REQUIRED ACTION:
The answer must consist only of the lines in the records below from the line with "многофункциональная сэндвичница, 800" to the line with "- Tires, P255/55R20", both included, copied word for word with every picture left out.

INFORMATION SUPPLIED:
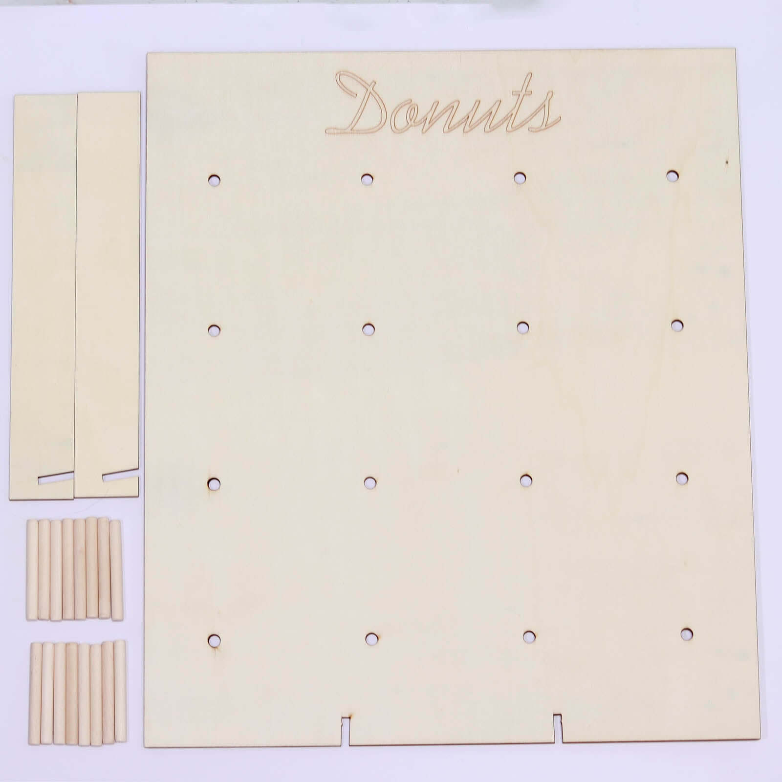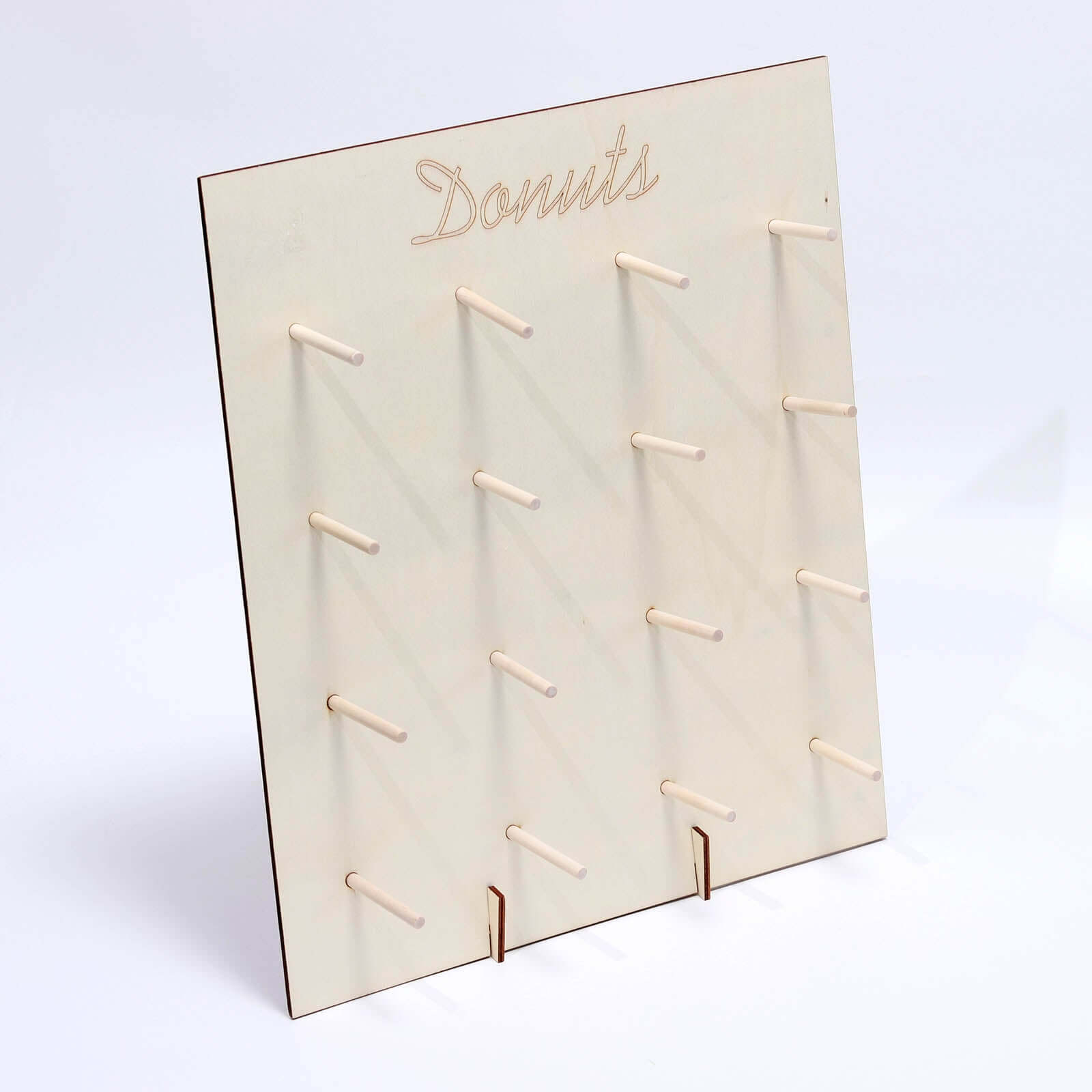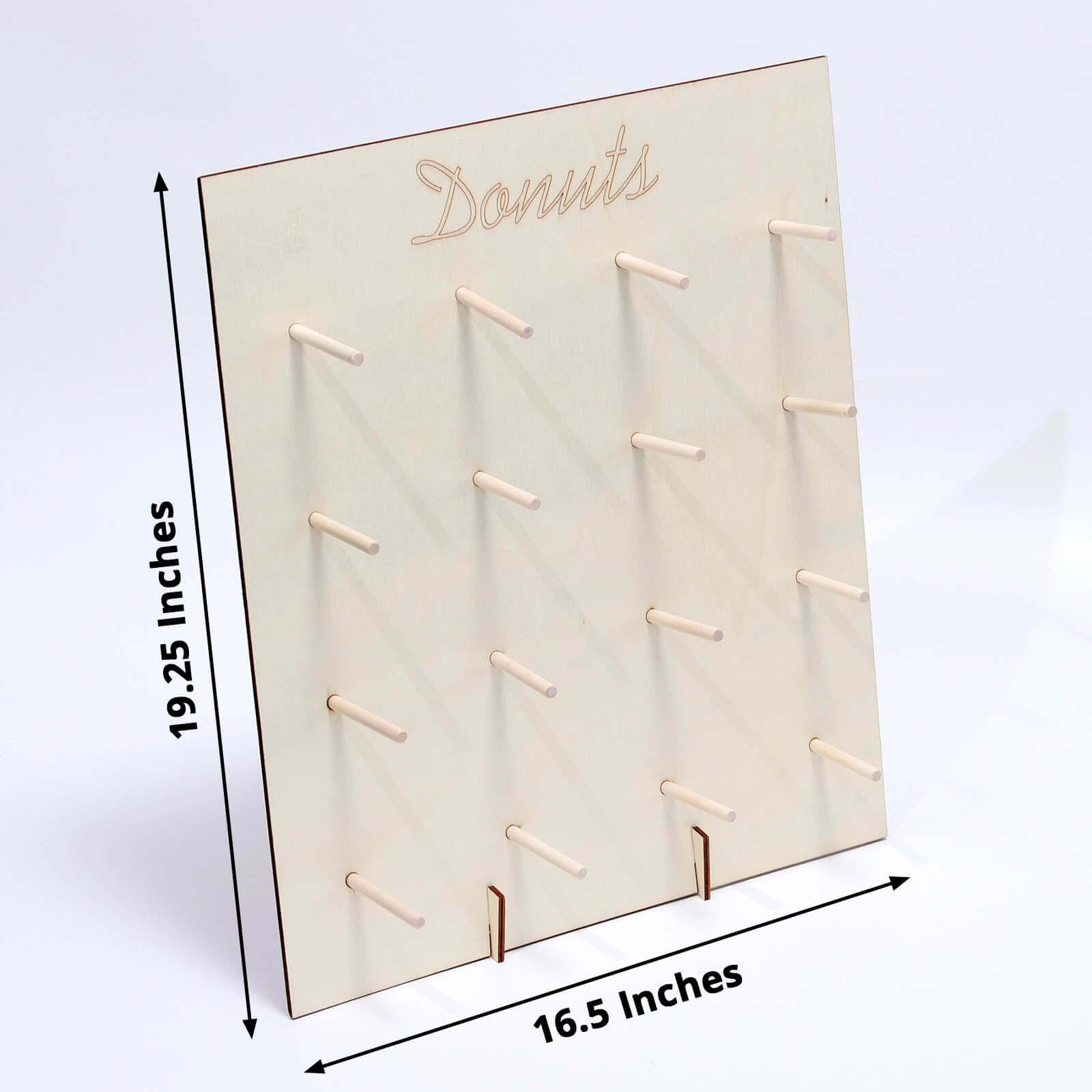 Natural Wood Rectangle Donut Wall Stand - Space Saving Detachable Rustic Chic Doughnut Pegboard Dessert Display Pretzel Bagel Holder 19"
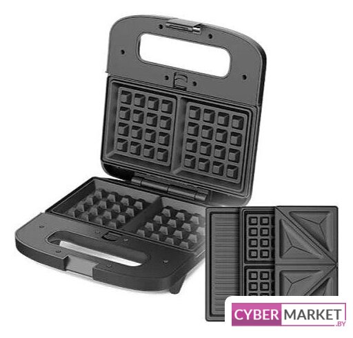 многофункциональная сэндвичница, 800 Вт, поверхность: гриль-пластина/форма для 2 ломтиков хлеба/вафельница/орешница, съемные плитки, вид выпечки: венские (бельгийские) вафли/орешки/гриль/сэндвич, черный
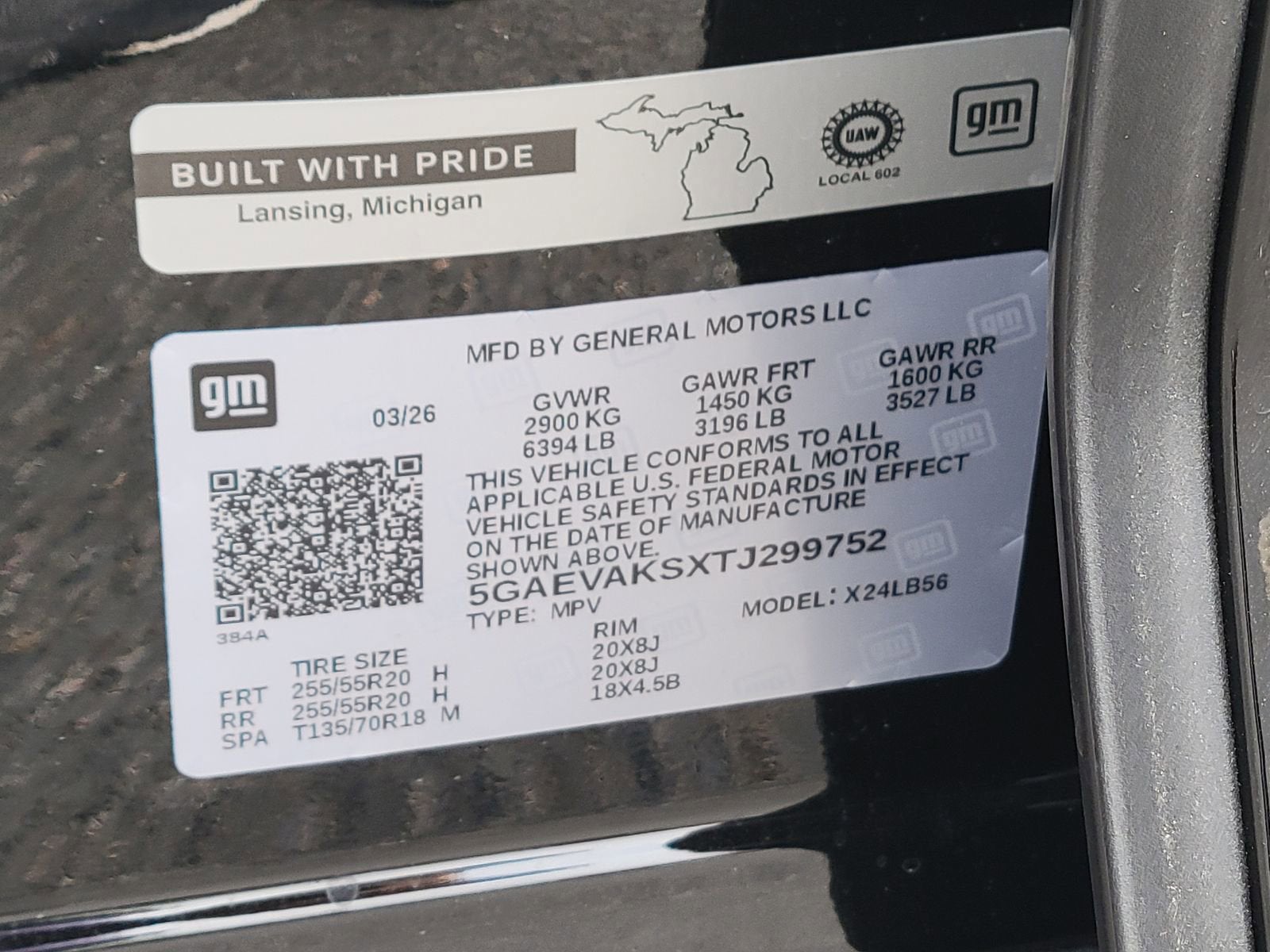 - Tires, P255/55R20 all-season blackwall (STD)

* * *

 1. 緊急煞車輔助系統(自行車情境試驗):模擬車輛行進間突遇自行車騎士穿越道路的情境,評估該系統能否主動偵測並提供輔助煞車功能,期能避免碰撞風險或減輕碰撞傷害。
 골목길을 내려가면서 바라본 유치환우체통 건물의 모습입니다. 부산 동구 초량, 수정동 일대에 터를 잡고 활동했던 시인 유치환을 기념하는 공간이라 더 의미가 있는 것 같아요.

--

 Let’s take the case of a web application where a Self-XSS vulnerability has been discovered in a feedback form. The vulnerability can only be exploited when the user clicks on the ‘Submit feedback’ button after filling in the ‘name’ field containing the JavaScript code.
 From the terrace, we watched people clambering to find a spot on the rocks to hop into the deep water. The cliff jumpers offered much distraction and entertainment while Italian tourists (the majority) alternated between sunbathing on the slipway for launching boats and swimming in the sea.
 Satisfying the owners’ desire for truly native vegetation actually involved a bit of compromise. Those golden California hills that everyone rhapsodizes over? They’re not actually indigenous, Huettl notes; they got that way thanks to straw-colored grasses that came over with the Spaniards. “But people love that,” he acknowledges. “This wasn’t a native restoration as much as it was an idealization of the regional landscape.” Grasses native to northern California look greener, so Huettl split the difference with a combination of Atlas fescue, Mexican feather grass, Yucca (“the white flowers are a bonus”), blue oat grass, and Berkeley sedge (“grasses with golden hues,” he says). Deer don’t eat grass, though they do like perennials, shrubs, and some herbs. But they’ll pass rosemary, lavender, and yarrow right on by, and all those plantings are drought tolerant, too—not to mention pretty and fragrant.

OUTPUT FOR THIS EXERCISE:
 многофункциональная сэндвичница, 800 Вт, поверхность: гриль-пластина/форма для 2 ломтиков хлеба/вафельница/орешница, съемные плитки, вид выпечки: венские (бельгийские) вафли/орешки/гриль/сэндвич, черный
 - Tires, P255/55R20 all-season blackwall (STD)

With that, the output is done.